Overall Implementation Takeaways:

Standard embeddings (e.g., [CLS], mean pooling): Be cautious using these for tasks heavily reliant on distinguishing agent/patient, especially across different syntactic structures (active/passive). Their similarity seems to reflect syntax more than semantic roles.
Accessing Thematic Roles: Thematic role information is available, but potentially resides more strongly in attention mechanisms. If your task requires robust thematic role understanding, consider:
- Training specific probing classifiers (like SVMs) on the hidden states or attention weights for your task, rather than assuming the default embeddings capture this well.
- Potentially designing architectures that explicitly utilize attention patterns, or fine-tuning on Semantic Role Labeling (SRL) data (though the paper focuses on models without such fine-tuning).
- Focusing analysis or extraction on content word interactions (verb-noun, noun-noun) within the attention mechanisms, especially in bidirectional models like BERT.
Model Choice: The findings were broadly consistent across different base models tested, suggesting this is a general characteristic of word-prediction trained transformers. However, model size and architecture details might influence the degree to which this information is present and accessible. Models with different training objectives (e.g., those fine-tuned with RLHF) might exhibit different behavior.
Complexity: The discrepancy between syntax and thematic roles seems to persist even with more complex sentence structures, though the signal becomes weaker in the overall hidden states.
Probing vs. Prompting: The paper advocates for probing internal states for fundamental linguistic capabilities, arguing that prompting might mask true competence due to reliance on task-specific knowledge or heuristics. This suggests that while an LLM might answer a "who is the agent?" prompt correctly, its internal representation of the sentence might still be syntax-dominant.
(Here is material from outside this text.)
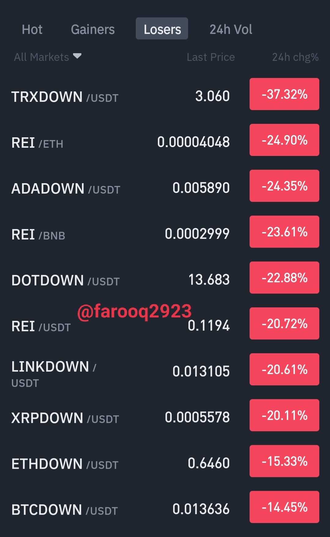 • Here we have the coin that are loosing their price from the yesterday price and it can also be seen with percentage.
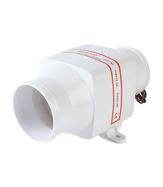 SEAFLO:s 3-tums in-line fläktar levererar effektiv ventilation i kölsvin, motorrum, pentryn och toalettutrymmen. Med hög prestanda och optimal luftgenomströmning är fläktarna designade för pålitlig och långvarig drift.

In essence, while pre-trained LLMs trained on word prediction learn complex linguistic patterns including syntax, their inherent representation of semantic roles like agent and patient, as reflected in their overall sentence embeddings, is weaker and less human-like than their representation of syntactic structure. However, the capacity to extract this semantic role information exists within the network, particularly visible in how attention mechanisms link words within a sentence. Accessing this specific type of meaning might require methods that look beyond the standard aggregated sentence vector.